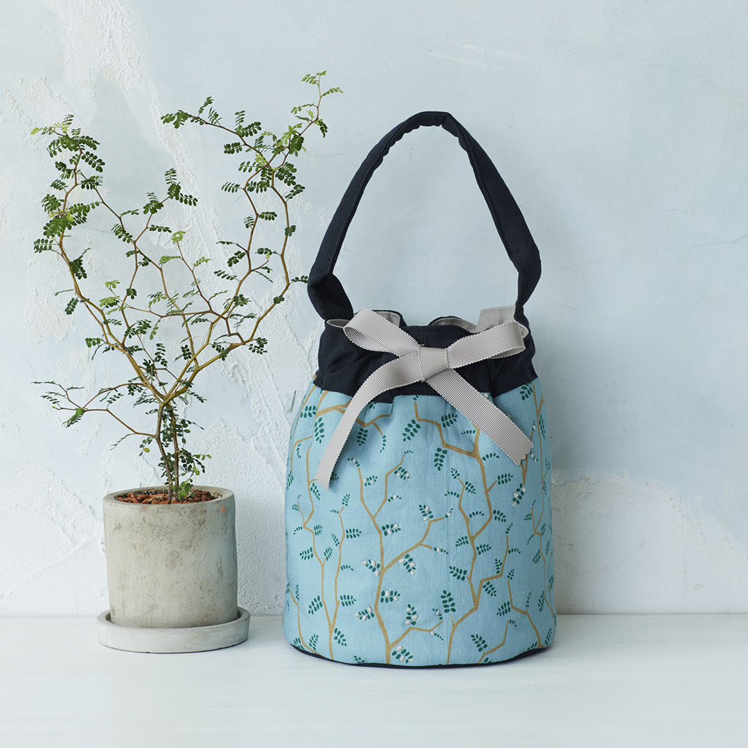 ジグザグに伸びた枝と小さな葉っぱがかわいい観葉植物(リトルベビー)をイメージした“little baby”のプリント柄の巾着バッグです。
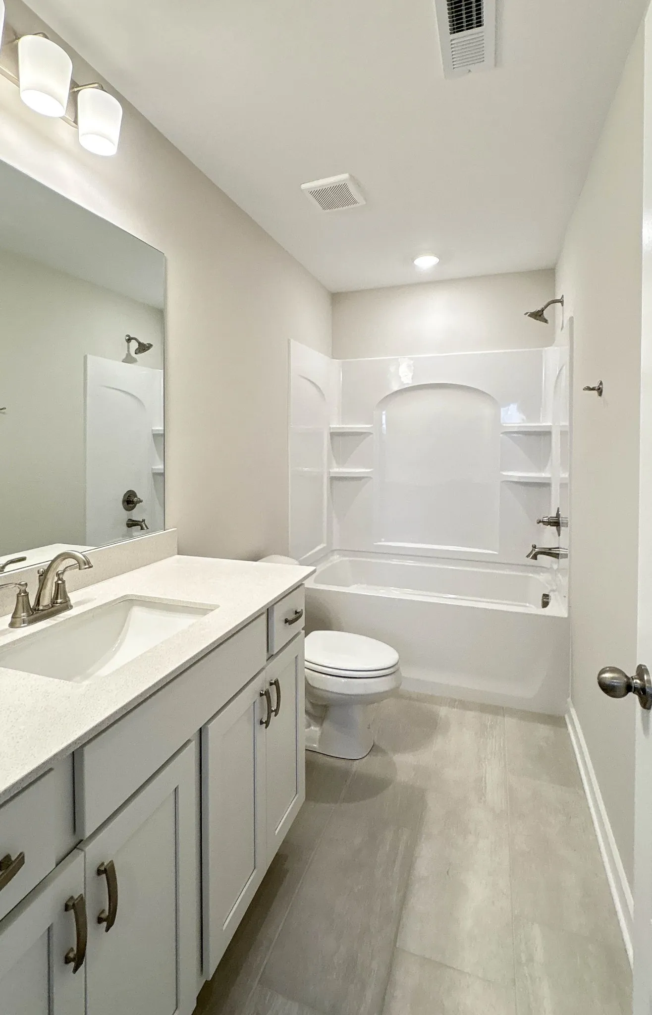 Modern style meets comfort in this 3-bed, 2.5-bath, 2,167 sq ft all-brick home in Westfield Ph 2A. The open-concept main level includes a spacious living room with a gas fireplace and a kitchen featuring quartz countertops, upgraded cabinetry, a designer tile backsplash, and stainless appliances. Durable laminate flooring enhances the main living spaces, while plush carpet adds comfort upstairs and tile accents each bath. The primary suite offers a soaking tub, tiled shower, and dual vanities, while two additional bedrooms provide flexibility. A convenient main-level half bath, neutral interior paint, upgraded finishes, and a 2-car front-entry garage complete the design. Westfield offers a community pool and easy access to Station Camp schools, shopping, and major commuter routes. Ask about our builder incentives!
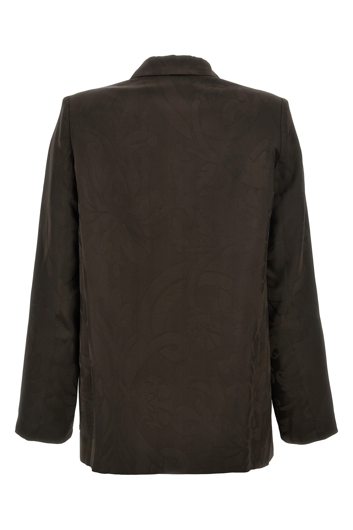 'Mereope' double-breasted viscose jacquard blazer with button closure, pockets, long sleeves, padded shoulders.

■ ■ ■ ■ ■ ■ ■

> _Activity_
Could all the data above be given again exactly, leaving out its images?

> _Your response_
 ジグザグに伸びた枝と小さな葉っぱがかわいい観葉植物(リトルベビー)をイメージした“little baby”のプリント柄の巾着バッグです。
 Modern style meets comfort in this 3-bed, 2.5-bath, 2,167 sq ft all-brick home in Westfield Ph 2A. The open-concept main level includes a spacious living room with a gas fireplace and a kitchen featuring quartz countertops, upgraded cabinetry, a designer tile backsplash, and stainless appliances. Durable laminate flooring enhances the main living spaces, while plush carpet adds comfort upstairs and tile accents each bath. The primary suite offers a soaking tub, tiled shower, and dual vanities, while two additional bedrooms provide flexibility. A convenient main-level half bath, neutral interior paint, upgraded finishes, and a 2-car front-entry garage complete the design. Westfield offers a community pool and easy access to Station Camp schools, shopping, and major commuter routes. Ask about our builder incentives!
 'Mereope' double-breasted viscose jacquard blazer with button closure, pockets, long sleeves, padded shoulders.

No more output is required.